§ **Source data**
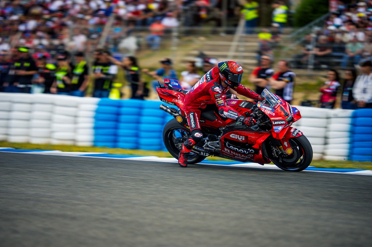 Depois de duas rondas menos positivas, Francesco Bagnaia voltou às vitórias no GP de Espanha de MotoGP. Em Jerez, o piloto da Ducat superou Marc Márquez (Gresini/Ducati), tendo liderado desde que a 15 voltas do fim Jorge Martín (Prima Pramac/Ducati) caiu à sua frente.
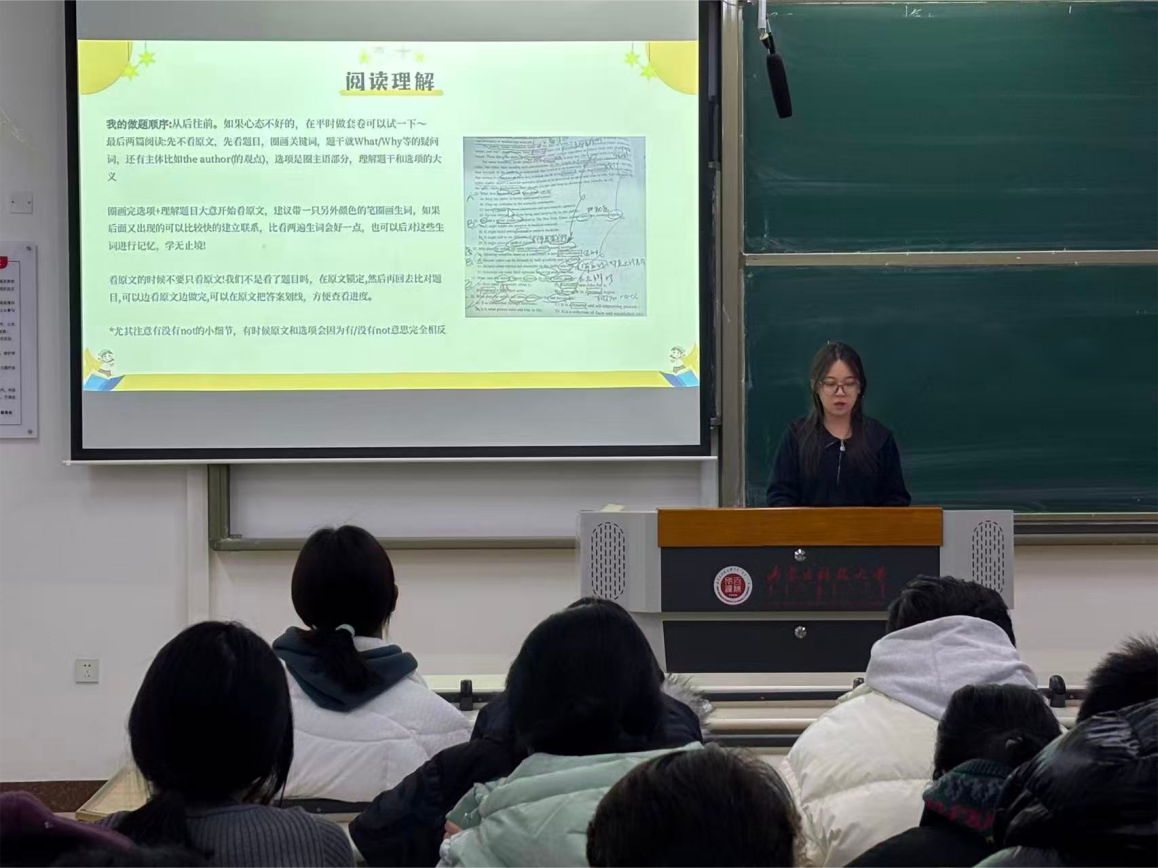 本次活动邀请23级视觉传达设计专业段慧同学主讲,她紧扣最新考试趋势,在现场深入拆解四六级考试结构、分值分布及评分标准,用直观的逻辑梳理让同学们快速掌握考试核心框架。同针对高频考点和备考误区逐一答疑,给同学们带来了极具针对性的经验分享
...
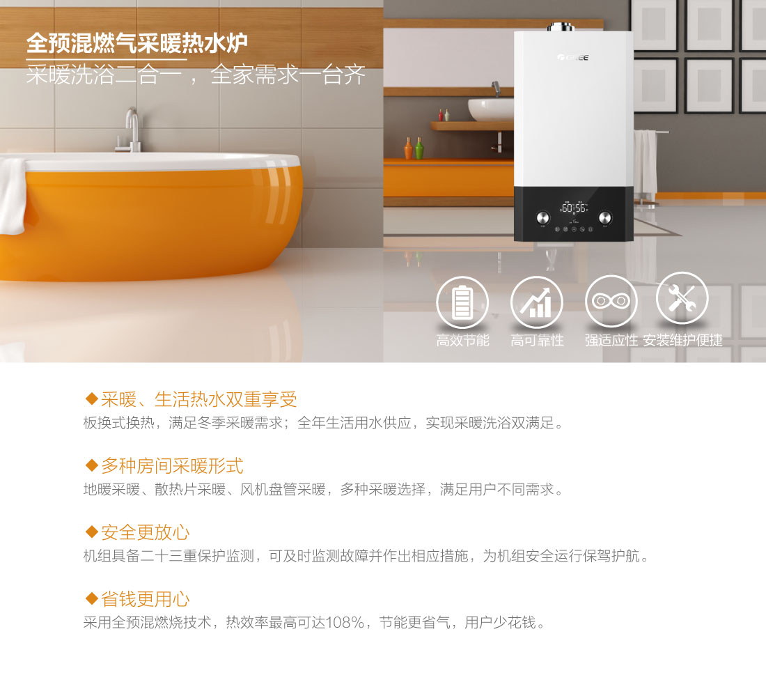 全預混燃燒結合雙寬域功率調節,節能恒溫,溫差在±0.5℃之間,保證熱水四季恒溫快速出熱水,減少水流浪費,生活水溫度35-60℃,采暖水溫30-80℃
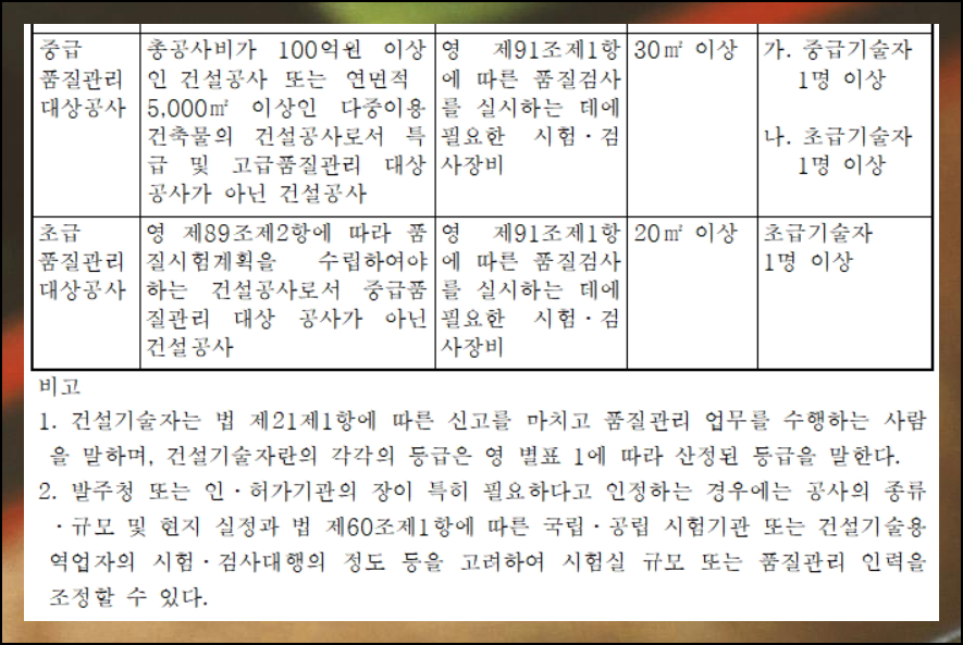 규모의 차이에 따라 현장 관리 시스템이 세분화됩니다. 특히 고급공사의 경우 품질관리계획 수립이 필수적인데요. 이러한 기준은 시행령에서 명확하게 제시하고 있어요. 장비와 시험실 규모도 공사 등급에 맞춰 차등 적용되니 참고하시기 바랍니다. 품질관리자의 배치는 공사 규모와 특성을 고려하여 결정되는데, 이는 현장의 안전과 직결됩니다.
--
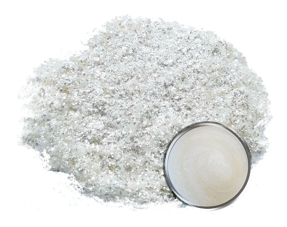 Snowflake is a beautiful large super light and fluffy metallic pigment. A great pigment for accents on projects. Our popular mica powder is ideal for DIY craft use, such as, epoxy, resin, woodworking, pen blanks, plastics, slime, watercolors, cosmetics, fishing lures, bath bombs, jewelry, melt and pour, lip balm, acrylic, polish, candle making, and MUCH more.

§ **What to do**
Within the listing above, write out the stretch from the line with "Depois de duas" through the line with "本次活动邀请23级视觉传达设" exactly. Any pictures are to be left out.

§ **Answer to this problem**
 Depois de duas rondas menos positivas, Francesco Bagnaia voltou às vitórias no GP de Espanha de MotoGP. Em Jerez, o piloto da Ducat superou Marc Márquez (Gresini/Ducati), tendo liderado desde que a 15 voltas do fim Jorge Martín (Prima Pramac/Ducati) caiu à sua frente.
 本次活动邀请23级视觉传达设计专业段慧同学主讲,她紧扣最新考试趋势,在现场深入拆解四六级考试结构、分值分布及评分标准,用直观的逻辑梳理让同学们快速掌握考试核心框架。同针对高频考点和备考误区逐一答疑,给同学们带来了极具针对性的经验分享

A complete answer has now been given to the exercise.